И оба немца как ни в чём не бывало покивали друг другу кудлатыми париками и расстались.
Уже несколько месяцев в академической канцелярии томилось доношение Ломоносова о создании при академии химической лаборатории.
«...Понеже я, нижайший, в состоянии нахожусь не только химические (эксперименты для приращения натуральной науки в Российской империи в действо производить, но ещё могу и других обучать физике и химии... — писал он в своём репорте, — имею я искреннее желание наукою моею Отечеству пользу чинить».
Студиозы Степан Крашенинников[27] и Алексей Широв в сей химической лаборатории виделись ему в качестве помощников.
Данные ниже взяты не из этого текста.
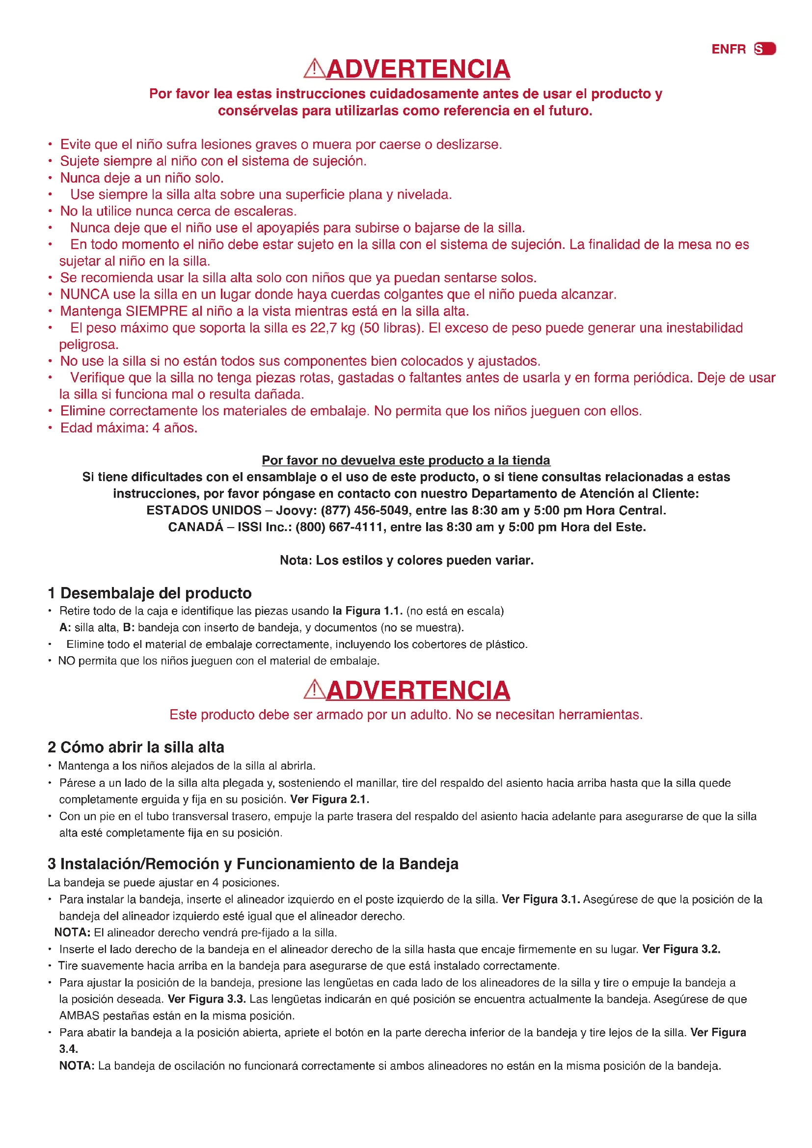 - Gireelrespaldohaciaabajo,endirecciónalsuelo,hastaquelasillaaltaquedecompletamenteplegada.Tengaencuentaquelasillaalta no se bloquea en la posición de plegado.• Paratransportarlasillaalta,tómeladelmanillarenlapartetraseradelasuperciedelasiento. Mantenimiento Sedebenrevisarperiódicamentetodoslosaccesorios,trabas,remachesydemáspiezasmetálicasyplásticasdelasillaparaasegurarse dequeesténbiensujetosynoesténdañadosnifuncionenmal.Elsistemaderetención,ytodoslosotrosobjetosdetelaysuscosturas tambiéndebenserinspeccionadosperiódicamenteparagarantizarqueesténcorrectamenteaseguradosyquenoesténojos,rotos odañadosdeotramanera.Además,sedebenrevisarperiódicamentetodaslaspiezasmóviles,comolamesaylasbisagras,para asegurarse de que funcionen correctamente. Todosloscomponentesfaltantes,rotosodesgastadosdebenserremplazadosinmediatamenteylasillanodebeserutilizadohastaque seremplacen.Sedebenutilizarsolamentecomponentesoriginalesdefábrica.Desernecesario,porfavorpóngaseencontactoconJoovy (Estados Unidos) o ISSI Inc. (Canadá) a nuestra línea telefónica gratuita. Limpieza Los materiales de tela de la silla alta se pueden limpiar utilizando una esponja o un trapo limpio con jabón suave de uso común o detergente y agua tibia. Siempre deje que la tela se seque al aire por completo antes de utilizar la silla alta.EN FR ES
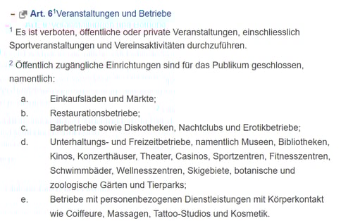 Aufgrund der Bundes-Massnahmen zur Eindämmung von Covid-19 sind viele Branchen mit erheblichen Einschränkungen ihrer Tätigkeit konfrontiert. Seit Erlass der Verordnung 2 vom 16. März 2020 sind beispielsweise Gastronomiebetriebe, Coiffeursalons und sämtliche Freizeitbetriebe geschlossen:
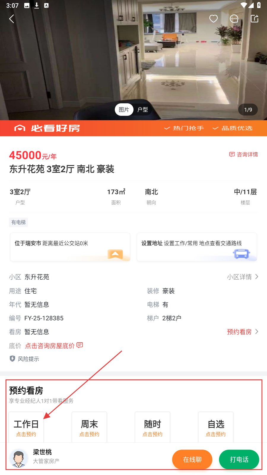 3、在房屋详情页,选【工作日】预约看房,联系经纪人梁世桃。

Оба давно уже работали вместе с Ломоносовым, несмотря на то что по ранжиру и не были к нему приставлены. Работали помногу и с увлечением, хотя и без постоянного места. И нужду в ретортах и химикатах имели большую. Но изворачивались. Правда, Крашенинников не одной химией жил и весьма заметно к возвышению по карьере стремился. Искал дружбы асессора Теплова, благо тот в силу входить начал. Шумахеру угождать не избегал и не прочь был его поручения выполнять.
25
Анна Ивановна (1693—1740) — дочь царя Ивана V, племянница Петра I, в 1710 г. была выдана замуж за герцога Курляндского, но вскоре овдовела, в 1730 г. возведена на русский престол.
26
Хватит! (нем.).
27
Крашенинников Степан Петрович (1711—1755) — впоследствии профессор ботаники и натуральной истории. Автор «Описания земли Камчатки...».